Review must be at least 10 words

    Book preview

    Renovation - Lane Robins

    Renovation

    by Lane Robins

    Published by:

    Blind Eye Books

    1141 Grant Street

    Bellingham, WA 98225

    blindeyebooks.com

    All rights reserved. No part of this publication may be used or reproduced in any manner without the written permission of the publisher, except for the purpose of reviews.

    Edited by Nicole Kimberling

    Cover art by Dawn Kimberling

    This book is a work of fiction and as such all characters and situations depicted are fictional. Any resemblances to actual people or events are coincidental.

    First print edition May 19, 2015

    Copyright© Lane Robins

    ISBN: 978-1-935560-36-4

    1

    The very moment JK Lassiter rolled up the U-Haul door, he had an audience. It surprised him, though it shouldn’t have.

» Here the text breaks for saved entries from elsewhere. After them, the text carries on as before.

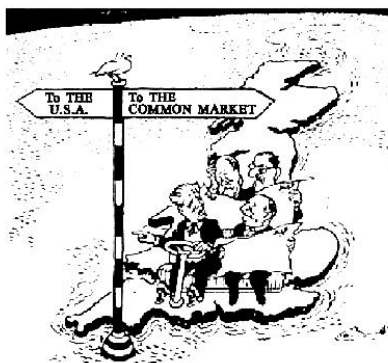
《开往美国,还是通向共同市场》(1960年)
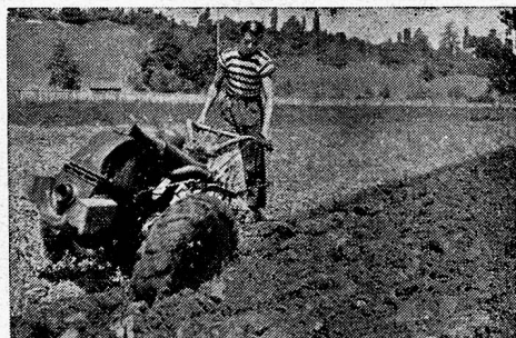
Typen 1944: 4, 8 und 10 PS.
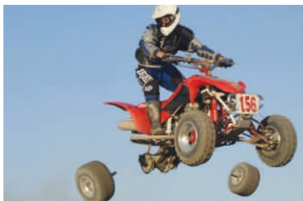
奸商啊,卖给我的什么车,哥杯具了
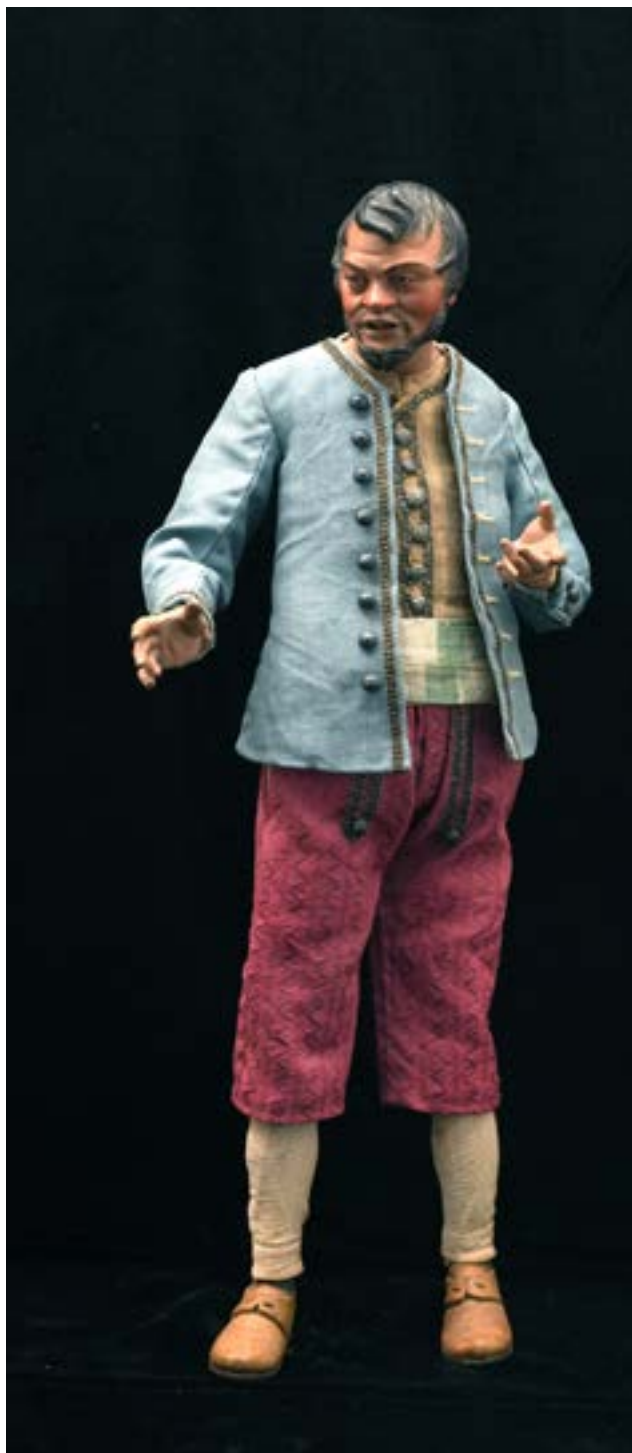
53 Villano ricco h cm 38 Napoli XVIII - XIX secolo Stima: € 2.000/3.000
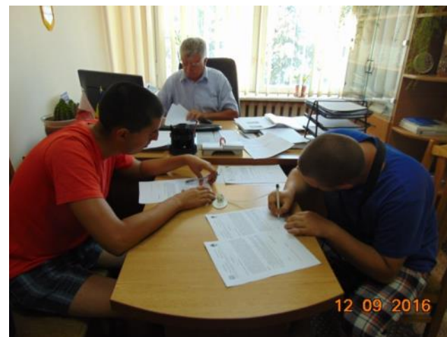
Amenajări Spații Verzi, Ungheni
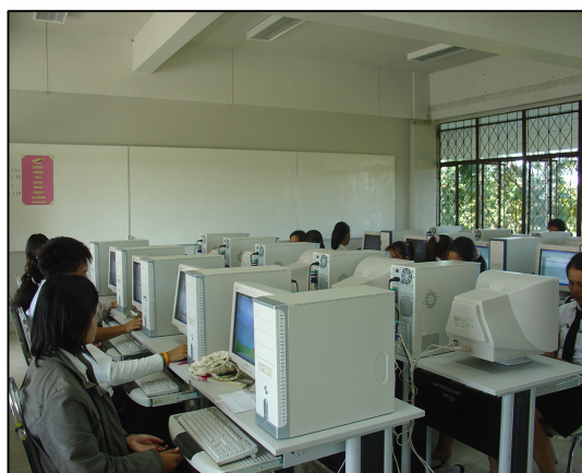
โครงการเปลี่ยนกระดานดำเป็นไวท์บอร์ด
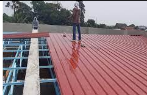
Kerja-kerja pemasangan bumbung metal deck.
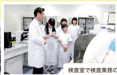
検査室で検査業務の説明を受け、要点をメモしています
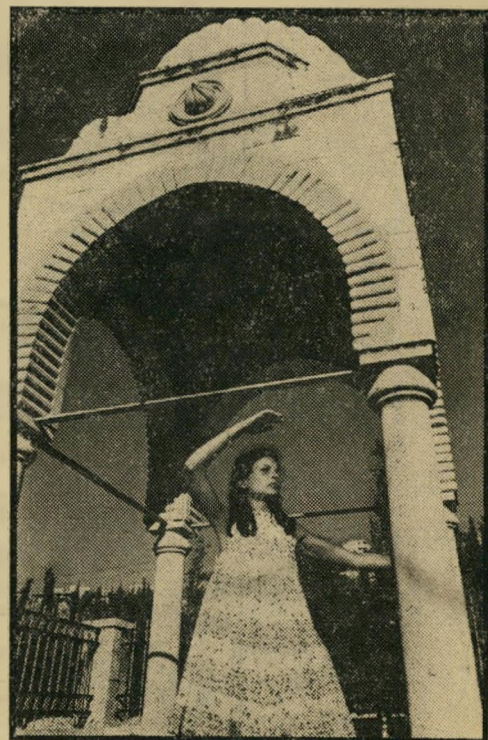
בין העמודים אשר מחוץ לחומת־ירושלם, מדגימה אראלה את השפעת הנופים.

מראה עד כמה הוא הצליח בכך. אֵיך זה להדגים שמלות כאלה, באמצע הרחוב של ירושלים העתיקה? דבר אחד ברור: הדוגמניות גנבו את ה־הצגה מכל האחרים גם יחד. בכל מקום בו הופיעו — נעצרה תנועת המטיילים העצור, מה, כשכולם נועצים בהן עיניים משתאות. תושבי העיר הערביים דווקא הסתכלו ב־
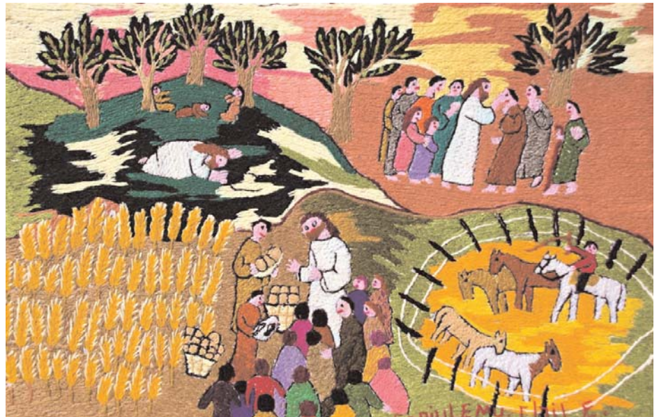
Dieses Plakat aus Chile weist rund um den Globus auf den Weltgebetstag hin.

In Leutkirch lädt das Vorbereitungsteam zum ökumenischen Weltgebetstag in diesem Jahr in die Dreifaltigkeitskirche ein. Der Gottesdienst beginnt am Freitag, 4. März um 19 Uhr. Im anschließenden gemütlichen Teil wird es neben Speis und
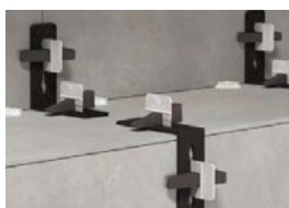
ESCUADRA NIVELACIÓN 25 uds. REF.: 714 191

Con la pinza ejercemos la presión necesaria en todas las cuñas de manera rápida, consiguiendo dejar todas las piezas niveladas. Regulable (con indicador de espesor de la pieza). rodusta y duradera.

This neighborhood, from what his boss, Dustin Davis, had said, was a mixture of students, university professors, and retirees—exactly the kind of people who’d be able to come home midday.

    A curtain in a fancy bay window directly across the street twitched, then a stiff-backed man moved out to sit on his porch, a book in hand. The book rested on his lap, unopened. A prop. An excuse to let him watch as JK unpacked. An older couple in a hatchback made a slow circuit around the cul-de-sac, then retreated into the first driveway off the main road—a go ’round to get a better look. The woman, grey-haired and stocky in her yoga gear, waved as she got out of her car. JK raised his hand, waved back.

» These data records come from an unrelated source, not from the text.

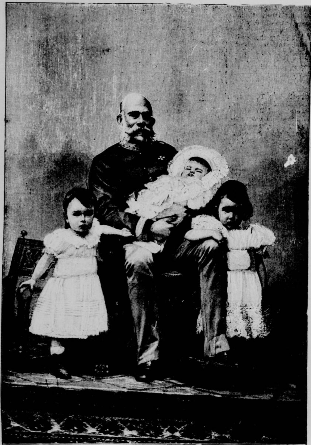
L'EMPEREUR D'AUTRICHE ET SES PLUS JEUNES PETITS-ENFANTS
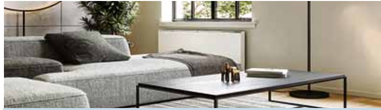
Tiefemperaturheizkörper kommen schon mit 35 Grad Vorlauftemperatur aus und sind bei gleicher Größe deutlich effizienter als herkömmliche Geräte.

(DJD-K). Die größte CO 2 -Quelle in deutschen Haushalten ist laut Umweltbundesamt die Heizung. Um das zu ändern, sollen nach dem neuen Gebäudeenergiegesetz (GEG) in den kommenden Jahrzehnten Gas- und Ölheizungen zunehmend durch umweltfreundlichere Heiztechniken, insbesondere Wärmepumpen, ersetzt werden. In Neubauten sind diese schon Standard, doch Eigentümer von älteren Bestandsgebäuden sind oft unsicher, ob sie ihr Haus mit einer Wärmepumpe effektiv beheizen können. Denn Wärmepumpen können nur mit niedrigen Vorlauftemperaturen von ca. 35 Grad Celsius wirklich effizient arbeiten. Damit lassen sich aber viele Häuser mit herkömmlichen Heizkörpern nicht warm bekommen. Lange hieß es deshalb, dass Wärmepumpen nur zusammen mit Fußbodenheizungen oder zumindest deutlich größeren Heizkörpern sinnvoll sind. Doch das ist Geschichte.
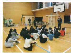
春休み自転車交通安全学習
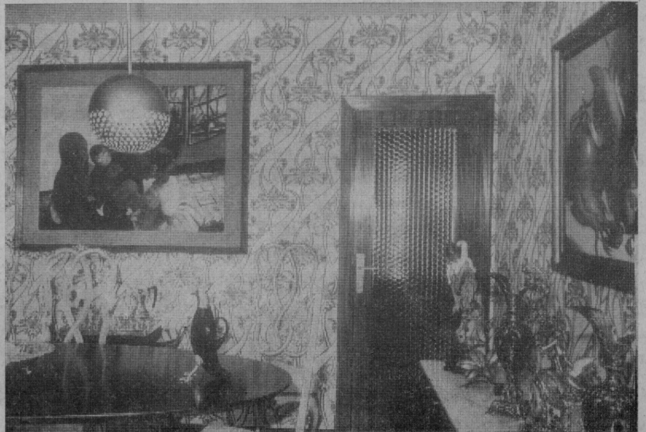
Este salón ha sido revestido con el nuevo procedimiento que lleva como nombre Mural FB. Decoración, «El Portalón de Guzca».

    Nosy neighbors, but friendly ones.

    A nice change. So many of Dallas’s neighborhoods were industrial, or apartment dense, or made up of houses with three-car garages that let people pull in, pull out, without ever seeing their neighbors. There weren’t a lot of places left like this one: houses built in the twenties and thirties, full of personality, with lots that might be small—no room for swimming pools or tennis courts, but enough space for backyard decks, a swing set or two beneath the shade trees, and the inevitable barbecue grill.

    JK smiled, soaking in the scene. Like something out of a movie setting.

    His boss had to have had the luck of the devil to find a house for sale here and at a decent price. Of course—JK turned back to the house—you got what you paid for.

    Against the pretty backdrop of the other houses, his place loomed like a nightmare—the blight in the neighborhood.

    First impression: a house built out of scraps and remainders. Brickwork here, stone there, grey shingles cascading down one side of the house, peeling yellowed siding on the other. A decaying privacy fence gaped like a row of broken teeth, edging a front lawn where grass went to die in long, brittle brown strands.

    It wasn’t that bad, JK reminded himself. Had to remind himself against the sinking of his heart. The house had been victim to a series of renters, a disinterested landlord, and most lately, to a couple who apparently had other things on their mind than home repair.

    At the core, the building stood strong and attractive. It was just overwhelmed by too many influences. He could take care of that. He hoped. JK needed to prove that he could help Davis flip houses. If he did well, an entirely new career path would open for him. He wanted that path. Desperately.

    JK wiped a sudden burst of sweat from his hairline, sheltered his eyes from the midday sun, and focused back on the elderly couple.

    The husband offloaded potted plants, with blooms in shades of red, purple, and yellow. They made a brilliant splash of color against the grey cement drive. The husband and wife team carried the plants one by one into their garden around the side of their house, until JK lost sight of them. From JK’s angle, he could see only that the side garden bloomed with roses and larkspur. But just that made him cringe at the front lawn he called his now, all dirt patch and weeds.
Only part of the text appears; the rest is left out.